Attempting numpy conversion when not needed in cupy

Using python3.8 with cupy-cuda111

creating a cupy array and trying to cast to cp.int_ causes cupy assume an implicit conversion to numpy array

import cupy as cp

def test_function(x):
    y = cp.int_(x * 10)
    return(y)

x = cp.array([0.1, 0.2, 0.3, 0.4, 0.5])
y = test_function(x)

print(y)

This I assumed would multiply the scalar and return ([1, 2, 3, 4, 5], dtype=cp.int_) but instead gives:

TypeError: Implicit conversion to a NumPy array is not allowed.
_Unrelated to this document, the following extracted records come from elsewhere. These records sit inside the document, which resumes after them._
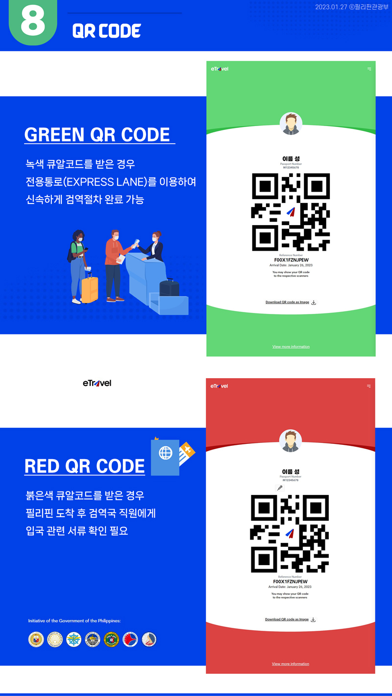 - - 녹색으로 큐알코드를 받은 경우(Green QR Code) : 필리핀 도착 후 전용통로(Express Lane)를 이용하여 신속하게 검역절차 완료 가능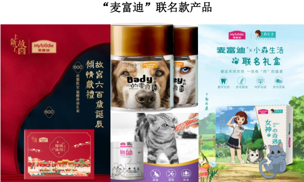 在打造联名款产品方面,乖宝宠物与《上新了·故宫》、《朋友请听好》等综艺节目,《一条狗的使命》电影及《小森生活》手机游戏等多个文娱IP合作打造联名款产品,在丰富自身产品线的同时可以增加产品曝光度和话题传播性,并且通过联名款产品可以辐射更多元的消费群体,最终实现品牌流量增长和经济效益的提升。
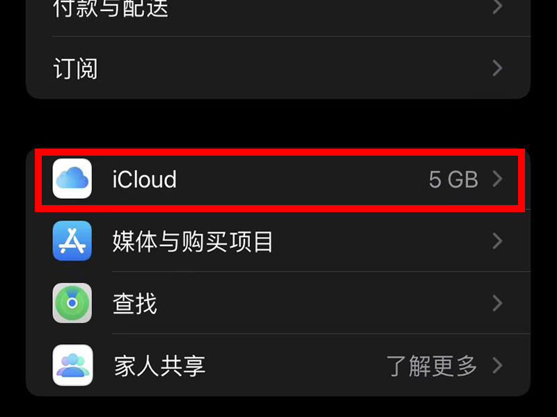 2、进入“Apple ID”界面后,点击“iCloud”。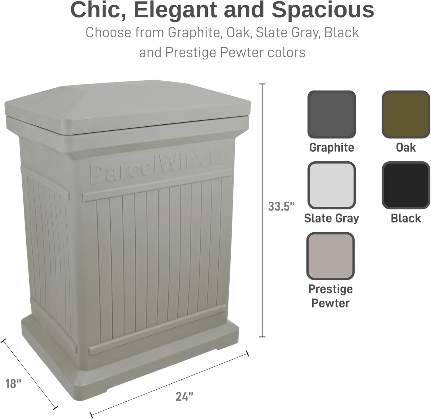 The RTS Home Accents ParcelWirx Premium Vertical Package Delivery Box offers a secure and convenient solution for receiving packages at your home. Designed to protect your deliveries from the elements and theft, this durable storage box is crafted with high-quality materials for long-lasting use. The vertical design provides ample space to accommodate various package sizes.The lift off lid makes it easy to access your packages, and its weather-resistant construction protects against rain, snow, and sun damage. With a sleek, modern design, this storage cabinet blends seamlessly into any outdoor setting, adding both functionality and style to your entryway or porch. Perfect for keeping packages safe and organized, the ParcelWirx delivery box is the ideal solution for today’s busy homeowner.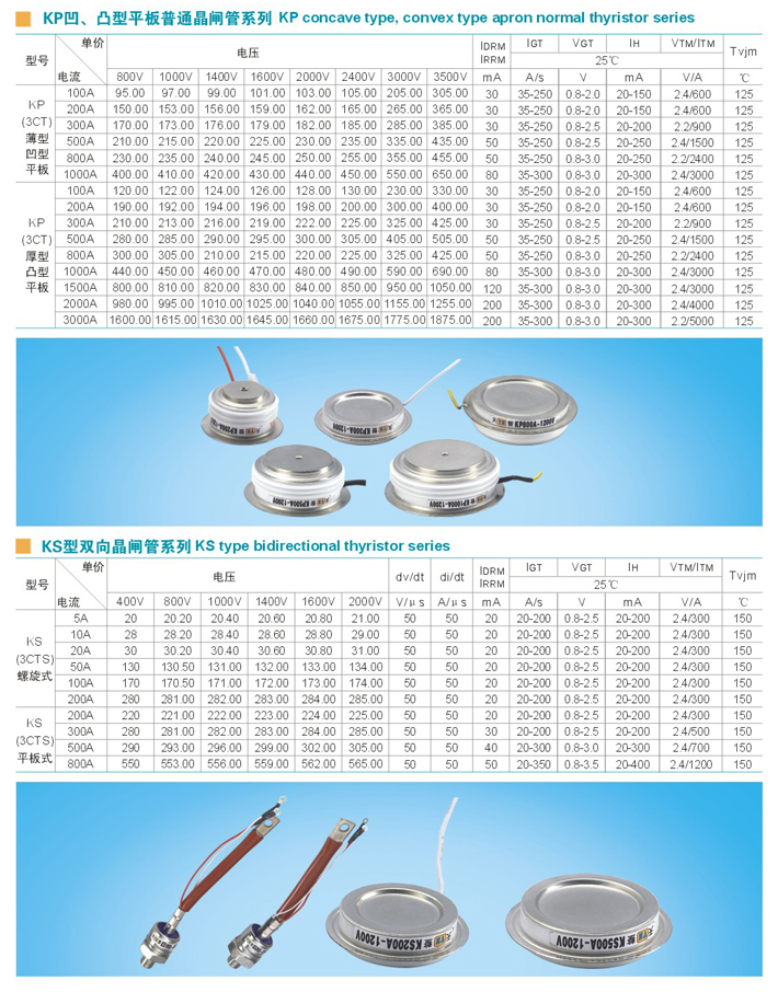 KP凹、凸型平板普通晶闸管系列

Please use `.get()` to construct a NumPy array explicitly.

Why does this error get generated?

How can I multiply and cast to int_ the cp.array?

Upvotes: 0

Views: 4991

Answers (2)

Gavin Evans
Gavin Evans

Reputation: 11

Now, data is operated in GPU, and you can check data in the GPU or CPU by device function.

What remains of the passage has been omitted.